The numbers being detained could be reduced by better guidance.
At the moment, the decision to detain is based around the risks of re-offending and/or absconding. However, there is no detailed assessment of whether it is likely to prove practical to deport a migrant within a reasonable period. Where there is no likelihood of quick return, the Home Office should seek to employ alternatives.
The next government should undertake a well-designed pilot of community based supervision and support along the lines used successfully in Australia. If the pilot works, the Home Office should seek to make this approach available for the majority of failed asylum seekers. For more high risk cases, the Home Office should work more closely with the probation services to monitor cases and manage risk.
There is no evidence that the current low levels of financial support mean refused asylum seekers are more likely to return home. The government should therefore be able to make the case for restoring the link between Section 95 (asylum seeker support) and income support. In the longer term, it would be preferable to remove the government’s arbitrary control by asking an independent commission, along the line of the Migration Advisory Committee or
the Low Pay Commission, to annually review Section 95 and set an appropriate level.
There are also strong efficiency grounds for abolishing Section 4 (support for ‘failed’ asylum seekers). The government is operating an entire benefits system, with all the attendant bureaucracy for less than 3,000 people. Unfortunately, it will require primary legislation to abolish Section 4 so this action would probably need to await the
next immigration or asylum bill. In the meantime, the government should bring Section 4 payments in line with those made under Section 95.
The government should re-introduce a right to work for asylum seekers after six months. Six months remains the main political target for processing asylum applications. It therefore seems fair that those asylum seekers who have to wait longer should be able to improve their financial situation, and increase their chances of re-integrating into the labour market, by working.
Women and children:
The government should commission and implement an independent review on how to deal more effectively and humanely with women’s cases. In particular, it should make sure that properly trained female case workers are available to deal with female asylum seekers.
The government should ensure that legal aid provisions work in favour of encouraging lawyers towards more complex cases, particularly those involving women.
The Home Office should amend its guidance to ensure that pregnant women are not dispersed. The government should also review the financial provision available to pregnant asylum seekers and increase the level of that support to ensure it is adequate.

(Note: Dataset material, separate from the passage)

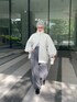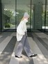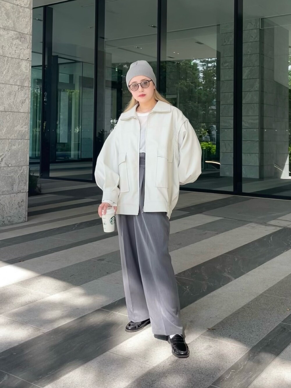 淡いトーンでコーディネート♪ 骨格:ストレート ▶︎アウター 袖が取り外せるマルチウェイジャケット。 ベストとしても使えるので長い期間使えるアイテムです! 袖ボリュームになっているのでレザーですがハード過ぎないデザインで女性が着やすい形になっています◎ 襟を立ててスタンドカラーで着ても可愛いです◎ ▶︎パンツ ウエストが後ろゴムになっているハイウエストパンツ。 ベルトループもついています◎ すとんと落ちる生地感とシルエットはとても綺麗です。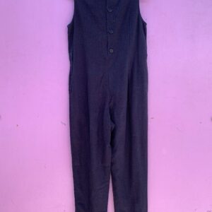 BLACK FADED BUTTON BACK SLEEVLESS LINEN ROMPER JUMPSUIT WITH DRAWSTRING

The Home Office should seek to provide better support for deported young adults to improve the prospects for their reintegration into their old communities. While by definition much of this will be pre-return, the Home Office in partnership with the Department for International Development should seek to develop post-return
support through third party organisations.
The government should also seek to improve the experience of children when they apply for asylum.
The UK should follow international best practice and appoint an independent representative to safeguard the nterests of the child. This legal  advocate should be one person with parental responsibility who can help children navigate the immigration system, ensure their welfare needs are met and instruct solicitors in their best interests.
Common European Asylum System:
There is no political appetite to opt into the majority of the directives underpinning the Common European Asylum System (CEAS) any time soon. But many of the reforms recommended in this paper would have the by-product of bringing the UK’s asylum system more into line with the EU rules. This would in turn make it easier for the
UK’s asylum system to continue to co-exist alongside CEAS and make proper use of the Dublin Convention which is designed to prevent ‘asylum shopping’.